A collection of data is called dataset. It is having the following two components −

Features - 数据变量称为其特征。它们也称为预测变量、输入或属性。

Features − The variables of data are called its features. They are also known as predictors, inputs or attributes.

Feature matrix − It is the collection of features, in case there are more than one.
Feature Names − It is the list of all the names of the features.

Response - 它是输出变量，基本上取决于特征变量。它们也称为目标、标签或输出。

Response − It is the output variable that basically depends upon the feature variables. They are also known as target, label or output.

Response Vector − It is used to represent response column. Generally, we have just one response column.
Target Names − It represent the possible values taken by a response vector.

Scikit-learn 有几个示例数据集，如 iris 和 digits 用于分类， Boston house prices 用于回归。

Scikit-learn have few example datasets like iris and digits for classification and the Boston house prices for regression.

Example

以下是一个加载 iris 数据集的示例：

Following is an example to load iris dataset −

from sklearn.datasets import load_iris
iris = load_iris()
X = iris.data
y = iris.target
feature_names = iris.feature_names
target_names = iris.target_names
print("Feature names:", feature_names)
print("Target names:", target_names)
print("\nFirst 10 rows of X:\n", X[:10])

Output

Feature names: ['sepal length (cm)', 'sepal width (cm)', 'petal length (cm)', 'petal width (cm)']
Target names: ['setosa' 'versicolor' 'virginica']
First 10 rows of X:
[
   [5.1 3.5 1.4 0.2]
   [4.9 3. 1.4 0.2]
   [4.7 3.2 1.3 0.2]
   [4.6 3.1 1.5 0.2]
   [5. 3.6 1.4 0.2]
   [5.4 3.9 1.7 0.4]
   [4.6 3.4 1.4 0.3]
   [5. 3.4 1.5 0.2]
   [4.4 2.9 1.4 0.2]
   [4.9 3.1 1.5 0.1]
]

Splitting the dataset

要检查我们模型的准确性，我们可以将数据集分成两部分- a training set 和 a testing set 。使用训练集训练模型，使用测试集测试模型。然后，我们可以评估我们的模型表现如何。

To check the accuracy of our model, we can split the dataset into two pieces-a training set and a testing set. Use the training set to train the model and testing set to test the model. After that, we can evaluate how well our model did.

Example

以下示例将以 70:30 的比例分割数据，即 70% 的数据将用作训练数据，30% 将用作测试数据。正如上面的示例中，数据集是 iris 数据集。

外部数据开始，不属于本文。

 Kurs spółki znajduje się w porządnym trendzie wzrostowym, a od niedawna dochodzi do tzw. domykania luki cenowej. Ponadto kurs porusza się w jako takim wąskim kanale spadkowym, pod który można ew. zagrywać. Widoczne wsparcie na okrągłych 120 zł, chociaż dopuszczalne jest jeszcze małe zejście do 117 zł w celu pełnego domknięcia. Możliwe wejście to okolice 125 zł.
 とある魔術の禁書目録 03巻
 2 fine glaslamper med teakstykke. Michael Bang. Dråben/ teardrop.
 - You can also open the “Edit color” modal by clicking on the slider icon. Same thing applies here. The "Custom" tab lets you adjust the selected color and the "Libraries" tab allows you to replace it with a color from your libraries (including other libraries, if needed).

The following example will split the data into 70:30 ratio, i.e. 70% data will be used as training data and 30% will be used as testing data. The dataset is iris dataset as in above example.

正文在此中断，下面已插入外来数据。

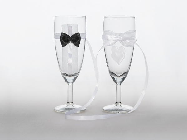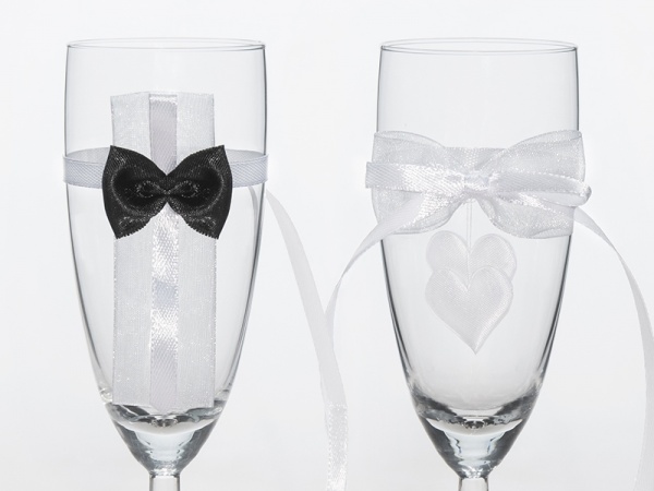 Svatební skleničky pro novomanžele s černým motýlkem a bílou mašličkou.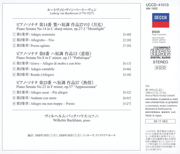 | Titel | The Piano Sonatas Nos.14 "Moonlight", 8 "Pathetique" & 23 "Appassionata" LTD |

from sklearn.datasets import load_iris
iris = load_iris()

X = iris.data
y = iris.target

from sklearn.model_selection import train_test_split

X_train, X_test, y_train, y_test = train_test_split(
   X, y, test_size = 0.3, random_state = 1
)

print(X_train.shape)
print(X_test.shape)

print(y_train.shape)
print(y_test.shape)

Output

(105, 4)
(45, 4)
(105,)
(45,)

如上例所示，它使用 scikit-learn 的 train_test_split() 函数来分割数据集。该函数具有以下参数：

As seen in the example above, it uses train_test_split() function of scikit-learn to split the dataset. This function has the following arguments −

X, y − Here, X is the feature matrix and y is the response vector, which need to be split.
test_size − This represents the ratio of test data to the total given data. As in the above example, we are setting test_data = 0.3 for 150 rows of X. It will produce test data of 150*0.3 = 45 rows.
random_size − It is used to guarantee that the split will always be the same. This is useful in the situations where you want reproducible results.

Train the Model

接下来，我们可以使用我们的数据集来训练一些预测模型。正如所讨论的，scikit-learn 具有各种 Machine Learning (ML) algorithms ，它们具有用于拟合、预测准确率、召回率等的统一接口。

Next, we can use our dataset to train some prediction-model. As discussed, scikit-learn has wide range of Machine Learning (ML) algorithms which have a consistent interface for fitting, predicting accuracy, recall etc.

Example

在下面的示例中，我们将使用 KNN（K 最近邻）分类器。不要深入了解 KNN 算法的详细信息，因为会有单独的一章介绍它。此示例仅用于让您理解实现部分。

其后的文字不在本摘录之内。